Dataset records
===============

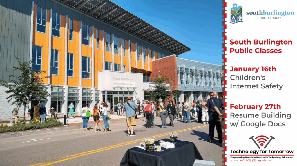 Starting early 2026, Technology for Tomorrow will be partnering with South Burlington Public Library to provide two free public classes! Both classes will be held in the Digital Lab at the South Burlington Public Library from 1pm to 2:30pm.
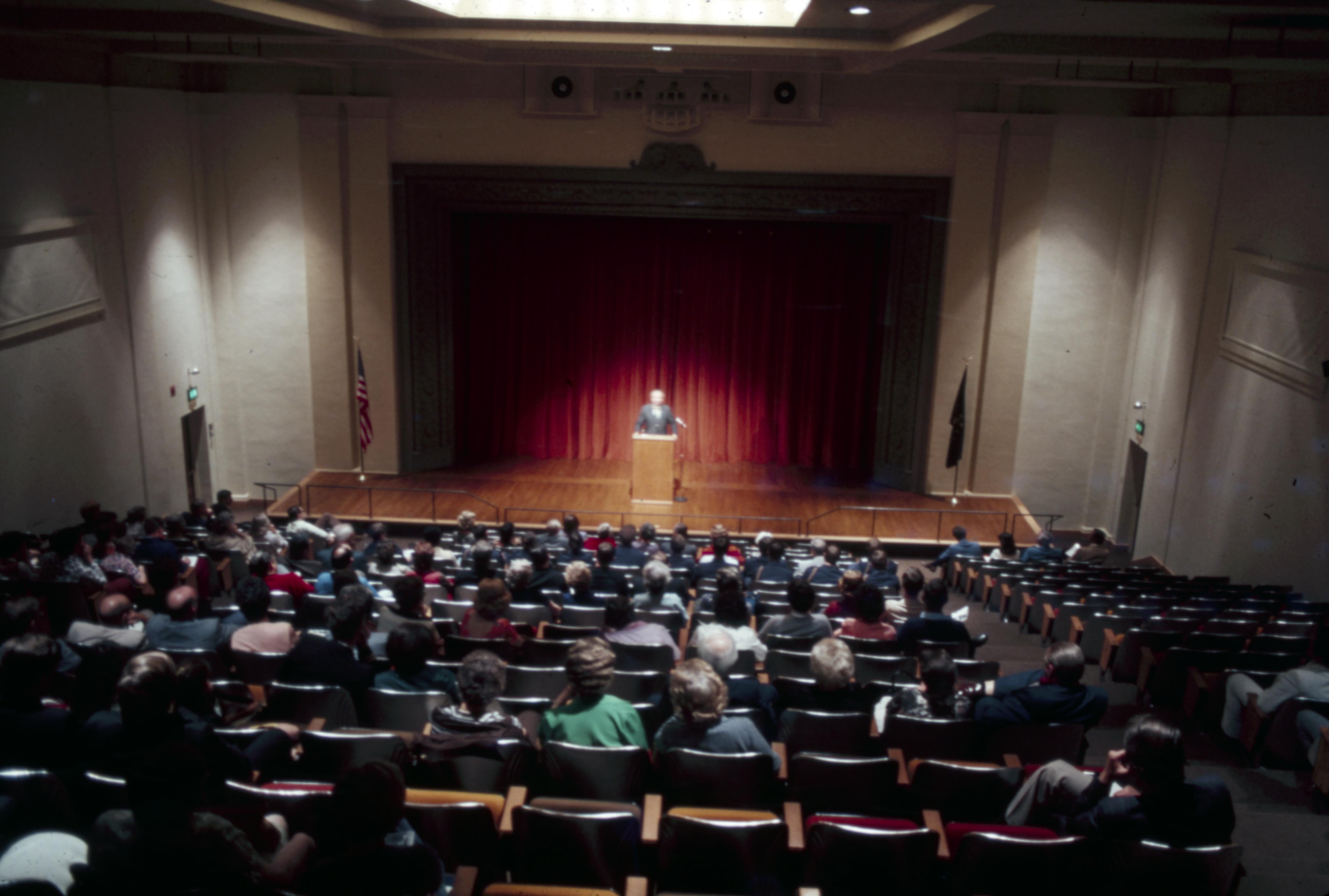 Murphy Auditorium: Murphy Auditorium is located at 419 Tavern Street and was constructed on the plat just east of the Working Men's Institute from 1911 to 1913, using the Doctor Edward Murphy Fund, and was built as part of New Harmony's centennial celebration of 1914. In 2014, the town's bicentennial, Murphy Auditorium became the new home of the concert series Under The Beams, originally housed in the Rapp-Owen Granary. Today, the auditorium is owned by the University of Southern Indiana and is the home of The New Harmony Theater with a seating capacity of 360 people. In this photo a man is giving a speech to a crowd of guests.
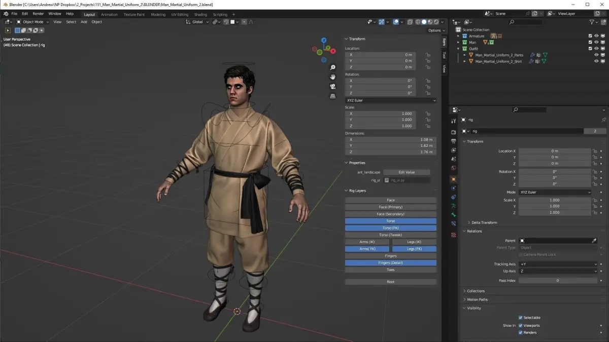 - However, the original Blender file is also available, and it is rigged (based on the rigify addon).
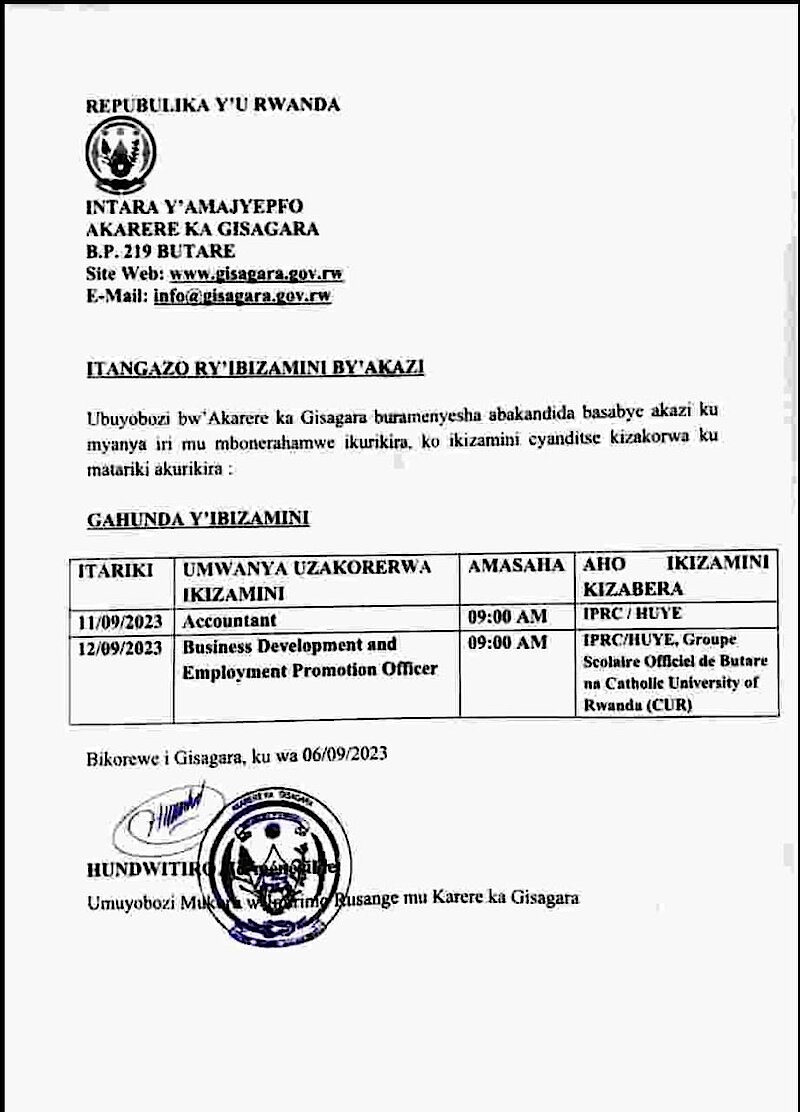 Ubuyobozi bw'Akarere @GisagaraDistr buramenyesha abakandida basabye akazi ku myanya iri mu mbonerahamwe ikurikira, ko ikizamini cyanditse kizakorwa ku matariki agaragara kw'itangazo.
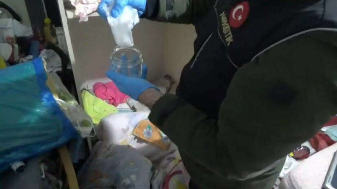 Narkotik köpeğinin de katıldığı kapıların koçbaşlarıyla kırıldığı operasyonda yüklü miktarda uyuşturucu, hassas teraziler, 13 tabanca ve fişekler ele geçirildi.
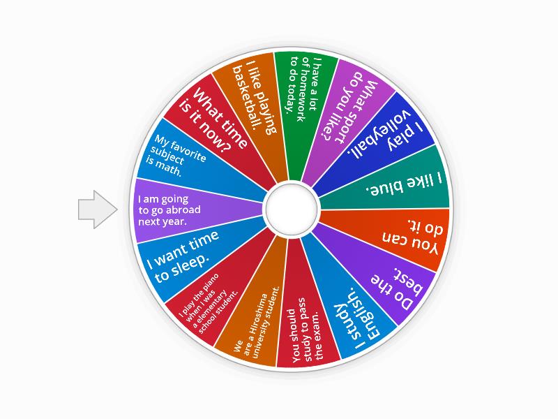 1) My favorite subject is math. 2) What time is it now? 3) I like playing basketball. 4) I have a lot of homework to do today. 5) What sport do you like? 6) I play volleyball. 7) I like blue. 8) You can do it. 9) Do the best. 10) I study English. 11) You should study to pass the exam. 12) We are a Hiroshima university student. 13) I play the piano when I was a elementary school student. 14) I want time to sleep. 15) I am going to go abroad next year.
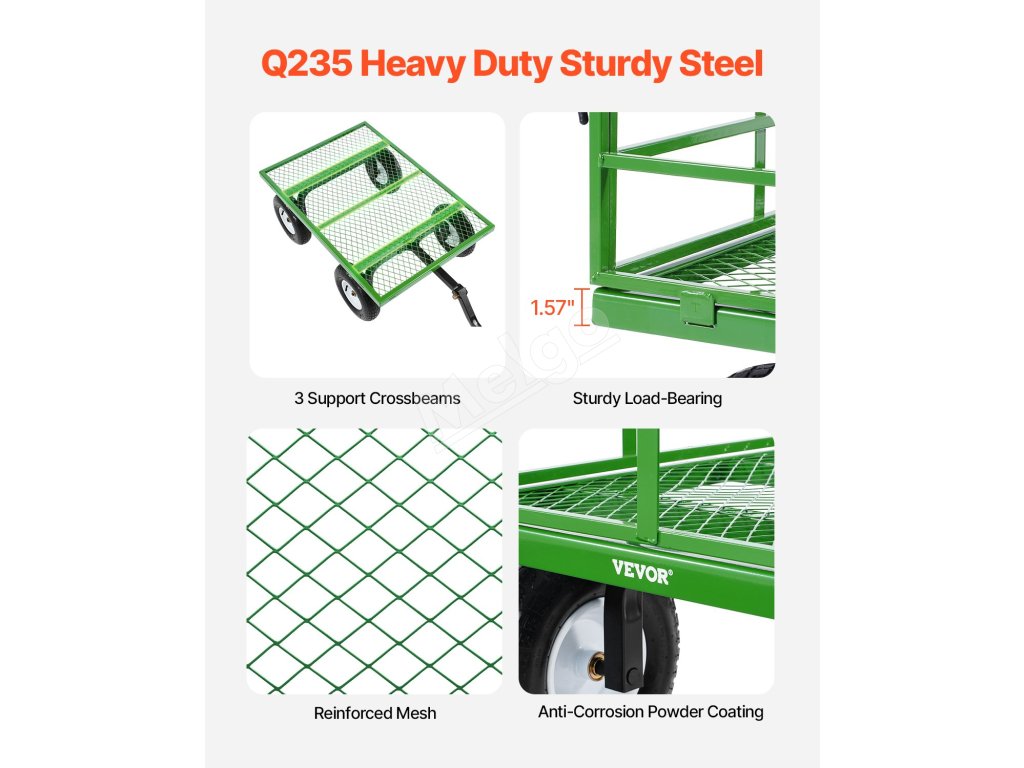 Tento záhradný vozík vyrobený z ocele Q235 ponúka konštrukciu 2 v 1, ktorá sa ľahko prepína medzi ohradeným vozíkom a vozíkom s plochou ložnou plochou. Je vybavený 13-palcovými gumovými pneumatikami, vďaka ktorým sa hladko pohybuje po rôznych terénoch. Univerzálna rukoväť 2 v 1 umožňuje tlačenie a ťahanie prívesu pre záhrady, farmy, sklady.
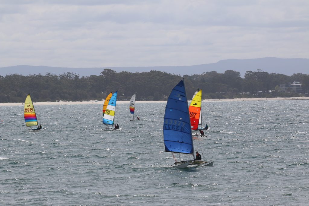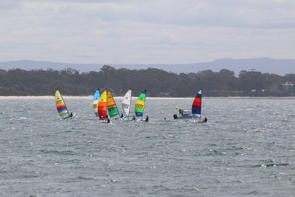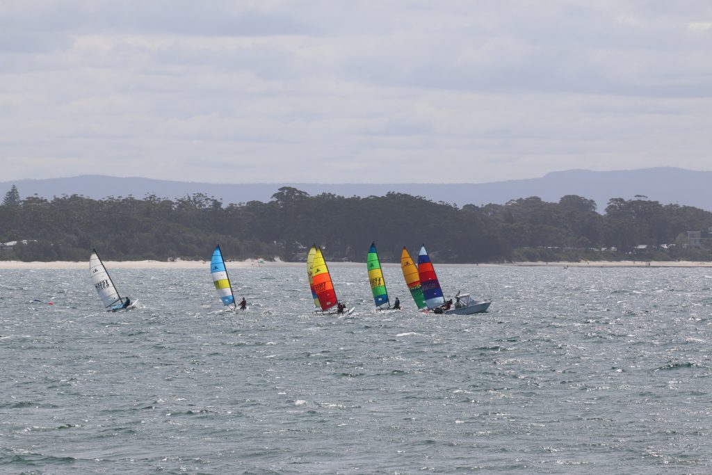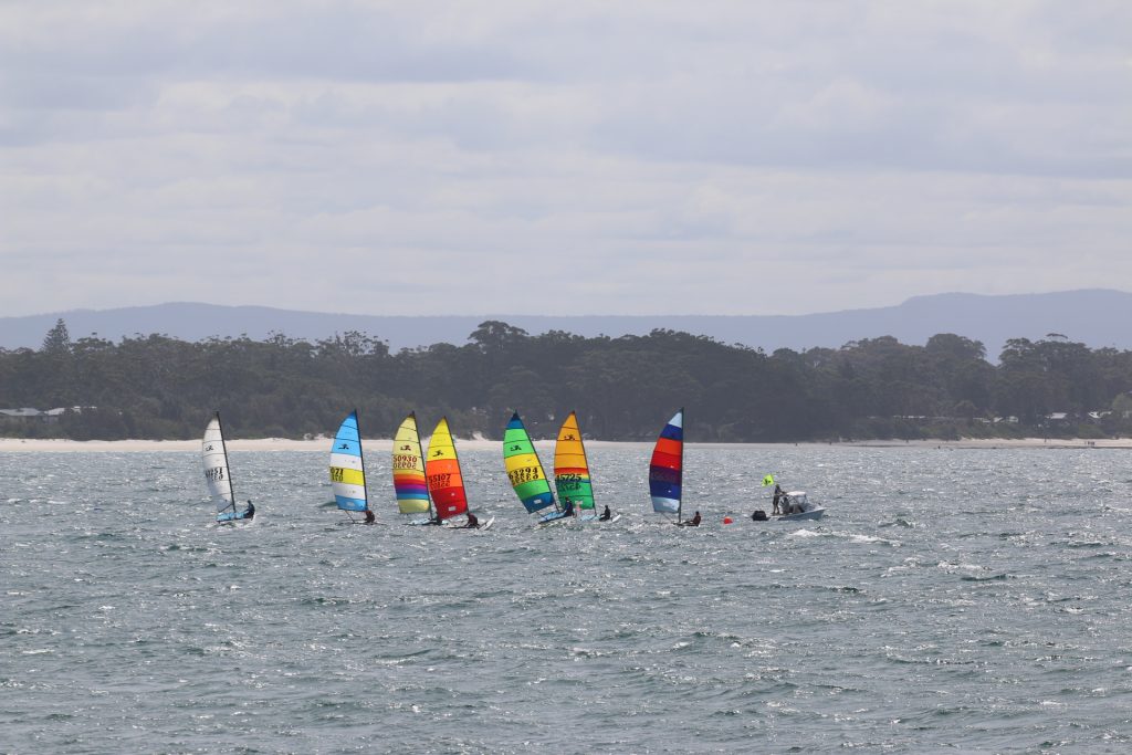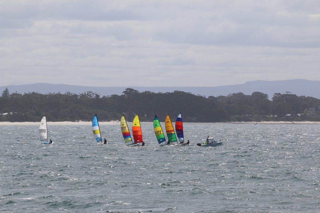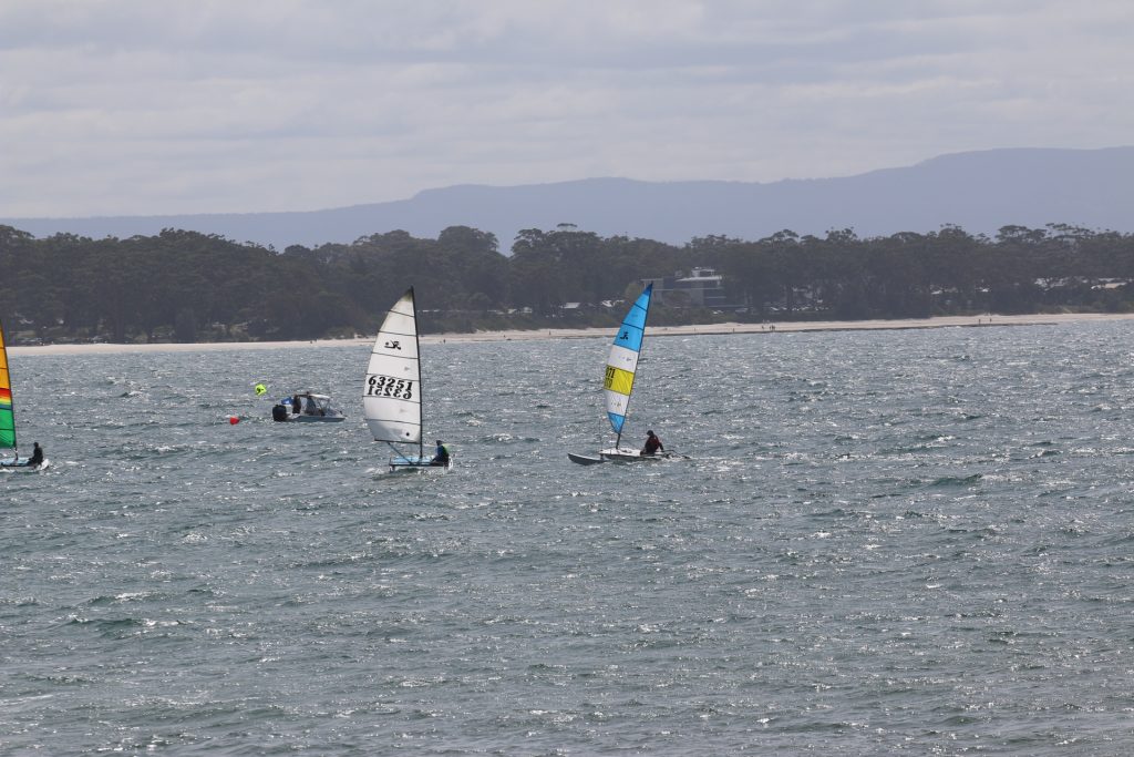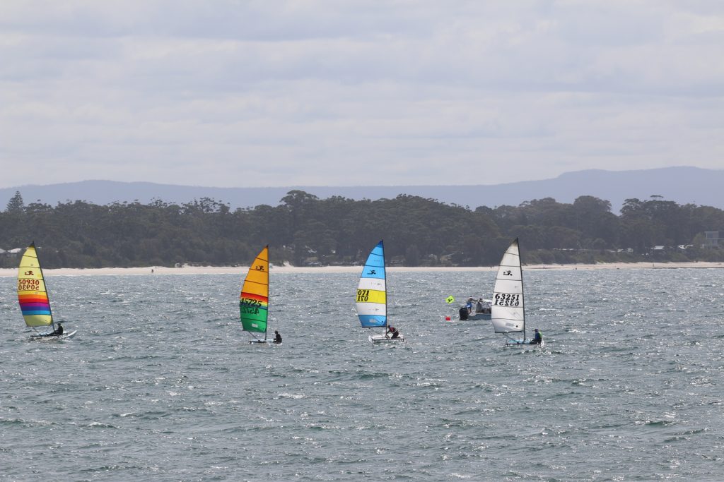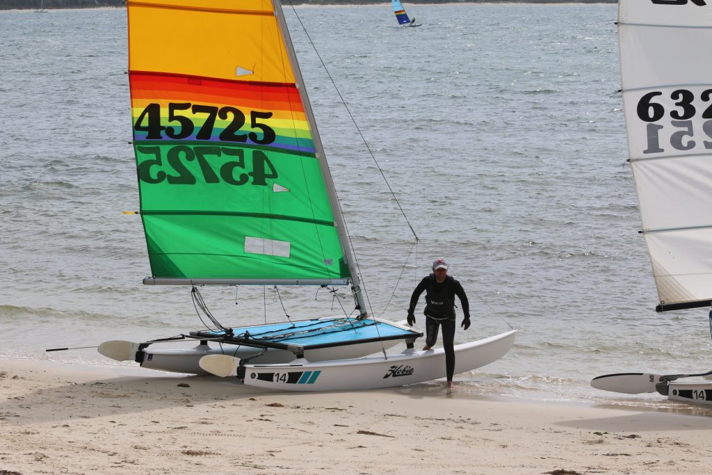 It was another exceptional weekend of sailing in Jervis Bay, as the VSC hosting the NSW Hobie Cat Association’s Hobie 14 Coaching Camp from Friday afternoon, through till Sunday’s single-handed championship. With a a grand total of 11 x Hobie 14s hitting the race track on Sunday, along with the Waves, Getaway, Dragoon and Hobie 16, the day was nothing short of magnificent as the biraga baliya, the black nor’easter, filled in for the afternoon.

===============

**TASK PROMPT**
From the records above, write out exactly the lines that begin at the line with "- However, the" and end at the line with "Narkotik köpeğinin de". Pictures must not appear in the output.

**RESULT FOR THIS TASK**
 - However, the original Blender file is also available, and it is rigged (based on the rigify addon).
 Ubuyobozi bw'Akarere @GisagaraDistr buramenyesha abakandida basabye akazi ku myanya iri mu mbonerahamwe ikurikira, ko ikizamini cyanditse kizakorwa ku matariki agaragara kw'itangazo.
 Narkotik köpeğinin de katıldığı kapıların koçbaşlarıyla kırıldığı operasyonda yüklü miktarda uyuşturucu, hassas teraziler, 13 tabanca ve fişekler ele geçirildi.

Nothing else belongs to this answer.